The major source of morbidity from TBM is from the vascular complications, particularly cerebral vasculopathy leading to localized ischemic strokes [34], [39]. Patients can have vascular involvement affecting the terminal internal carotid arteries and proximal sections of the middle and anterior cerebral arteries [41], [42]. The proposed mechanism of action is via inflammatory spread leading to necrotizing panarteritis and intimal proliferation with secondary thrombosis and occlusion [43], [44]. The most common manifestation of ischemic stroke from TBM is hemiplegia [45], [46], [47]. It can be clinically challenging to differentiate the origin of clinical features from either tuberculomas or cerebral ischemia on examination alone [48] TBM-associated vasculopathy is typically seen in patients with chronic or partly treated TBM [44].

A characteristic finding of TBM is hyponatremia, affecting ~ 50% of patients [20]. This finding has been originally attributed to “cerebral salt wasting syndrome”[49]. More recently, patients have been diagnosed as having SIADH; however, many patients have been found to have normal levels of antidiuretic hormone [50]. A study from 2016 found that patients with severe TBM were more likely to have cerebral salt wasting [51] (Table 1).

Table 1

Clinical features of tuberculous meningitis.

Clinical features	Frequency
Presenting symptoms
Headache	50–80%
Anorexia	60–80%
Emesis	30–60%
Photophobia	5–10%
Physical exam findings
Fever	60–95%
Neck stiffness	40–80%
Confusion	10–30%
Coma	30–60%
Cranial nerve palsy	30–50%
Hemiparesis	10–20%
Paraparesis	5–10%
Seizures in adults	5%

Movement disorders can occur due to lesions in specific locations of the brain (particularly basal ganglia infarction) and can include tremor, chorea, ballismus, and myoclonus [52]. Advanced TBM can manifest as coma [3].

Clinical staging

There are several scales that can be used to grade the severity of TBM. The modified British Medical Research Council (BMRC) consists of three grades: grade 1 refers to patients who are alert and oriented without focal deficits; patients with grade 2 disease have a Glasgow Coma Scale (GCS) of 10–14 with or without neurological deficits or a GCS of 15 with focal deficits; and patients with grade 3 have a GCS of <10 with or without focal neurological deficits [15], [53]. The modified BMRC scale has been found to be an independent predictor of outcomes and is frequently used in research studies [5], [37], [54], [55], [56], [57]. The Thwaites diagnostic scoring index, developed in 2002, is based on five features: age, length of history, white-blood-cell count, total CSF white-cell count, and CSF neutrophil proportion. The maximum possible score is 13. A patient is likely to have TBM if they have a total score of 4. The Thwaites criteria was found to have a sensitivity of 86% and specificity of 79%. It is important to note, though, that the CSF parameters may differ in PLHIV [13], [58]. The Lancet consensus scoring system from 2010 is based on 20 clinical parameters including clinical features, CSF findings, imaging findings, and evidence of TB elsewhere. The maximum score is 20. Classifications in this system include: definite TBM, probable TBM, possible TBM, and not TBM. A patient has a definite diagnosis of TBM if there is evidence of AFB in CSF microscopy or culture or on CNS histopathology. For a probable diagnosis, a patient must have a total score greater than 10 points without the use of imaging or greater than 12 points if CNS imaging was acquired. For a possible TBM diagnosis, a patient must have a score between 6 and 9 without or 6–11 with imaging [58], [59].

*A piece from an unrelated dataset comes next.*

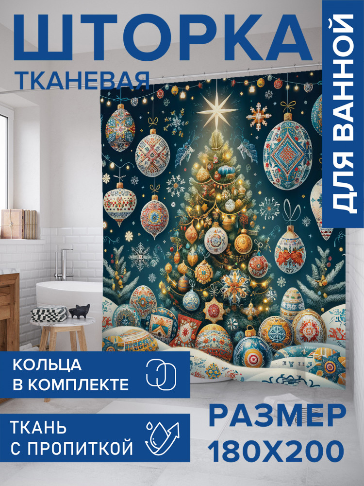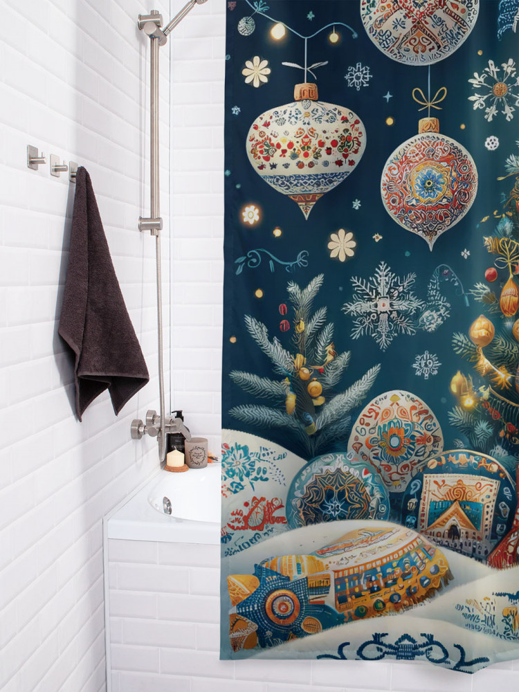 Штора для ванной с водоотталкивающей пропиткой «Праздничная елка» | JoyArty
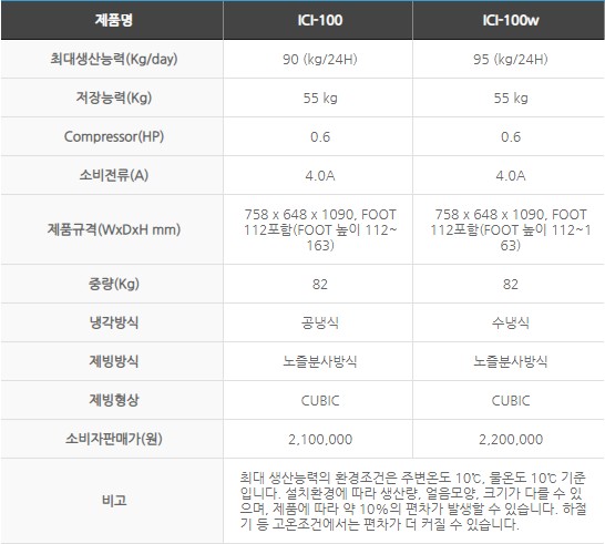 아이스트로 ICETRO 제빙기 ICI-100(공냉식) / ICI-100W(수냉식)

Cerebrospinal fluid analysis

Cerebrospinal fluid (CSF) analysis of patients with TBM include clear appearance (80–90%), low glucose in the CSF (CSF to blood glucose ratio of <0.5 in 95%), and total CSF leukocyte count can vary from 5 to 1000 103/mL with a predominance of lymphocytes (30–90%) compared to neutrophils (10–70%) [13], [16], [17], [18], [19], [20]. Neutrophils can predominate early in the disease process, and their presence is associated with improved survival [60]. Protein is usually elevated but can range from 45 to 360 mg/dL [6]. The CSF opening pressure is usually greater than 25 cm H2O in 50% of patients, particularly those with hydrocephalus [40], [16], [17], [18], [19], [20]. Most studies report similar CSF findings in patients with HIV, except for a reduced CSF leukocyte count [10], [21], [61], [62]. Occasionally, patients with advanced HIV and TBM may have CSF results within the normal ranges [21]. CSF changes may still be present up to 10–14 days after initiation of treatment [12].

Imaging findings

Brain computed tomography (CT) findings of patients with TBM may demonstrate basal meningeal enhancement, prior infarcts, hydrocephalus, and tuberculomas. These features are highly suggestive of TBM in adults [63].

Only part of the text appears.